On June 8, 2007, Rorty died in his home from pancreatic cancer.[8][10][13]

Major works
Philosophy and the Mirror of Nature

In Philosophy and the Mirror of Nature (1979), Rorty argues that the central problems of modern
epistemology depend upon a picture of the mind as trying to faithfully represent (or "mirror") a
mind-independent, external reality. If we give up this metaphor, then the entire enterprise of foundationalist
epistemology is misguided. A foundationalist believes that in order to avoid the regress inherent in claiming
that all beliefs are justified by other beliefs, some beliefs must be self-justifying and form the foundations to
all knowledge.

There were two senses of "foundationalism" criticized in Philosophy and the Mirror of Nature. In the
epistemological sense, Rorty criticized the attempt to justify knowledge claims by tracing them to a set of
foundations (e.g., self-evident premises or noninferential sensations); more broadly, he criticized the claim
of philosophy to function foundationally within a culture. The former argument draws on Sellars's critique
of the idea that there is a "given" in sensory perception, in combination with Quine's critique of the
distinction between analytic sentences (sentences which are true solely in virtue of what they mean) and
synthetic sentences (sentences made true by the world). Each critique, taken alone, provides a problem for a
conception of how philosophy ought to proceed, yet leaves enough of the tradition intact to proceed with its
former aspirations. Combined, Rorty claimed, the two critiques are devastating. With no privileged insight
into the structure of belief and no privileged realm of truths of meaning, we have, instead, knowledge as
those beliefs that pay their way. The only worthwhile description of the actual process of inquiry, Rorty
claimed, was a Kuhnian account of the standard phases of the progress of disciplines, oscillating through
normal and abnormal periods, between routine problem-solving and intellectual crises.
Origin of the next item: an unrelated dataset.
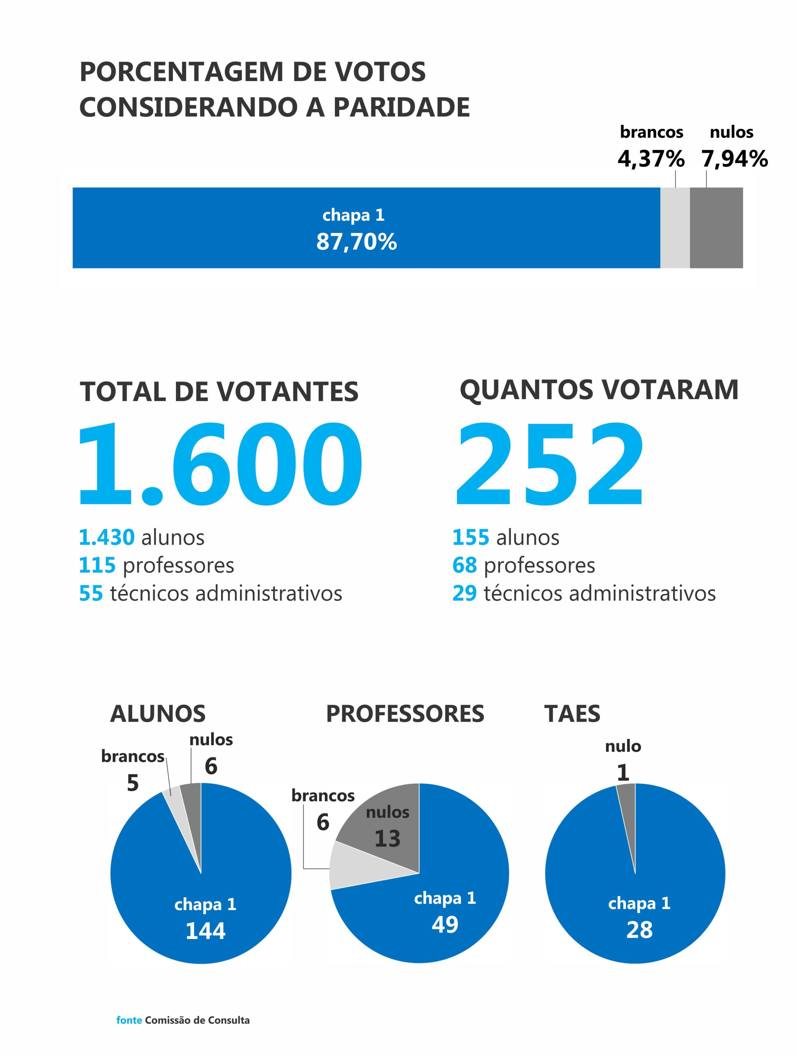 Nesta sexta-feira, a Comissão de Consulta informou as porcentagens finais da votação para a Direção. Considerando a paridade de um terço para cada segmento (alunos, docentes e técnicos administrativos), a chapa Rafael-Fabio obteve 87,70% dos votos totais. Os votos nulos somaram 7,94% e os brancos, 4,37%.

After rejecting foundationalism, Rorty argues that one of the few roles left for a philosopher is to act as an
intellectual gadfly, attempting to induce a revolutionary break with previous practice, a role that Rorty was
happy to take on himself. Rorty suggests that each generation tries to subject all disciplines to the model that
the most successful discipline of the day employs. In Rorty's view, the success of modern science has led
academics in philosophy and the humanities to mistakenly imitate scientific methods. Philosophy and the
Mirror of Nature popularized and extended ideas of Wilfrid Sellars (the critique of the Myth of the given)
and Willard Van Orman Quine (the critique of the analytic-synthetic distinction) and others who advocate
the Wittgensteinian doctrine of "dissolving" rather than solving philosophical problems.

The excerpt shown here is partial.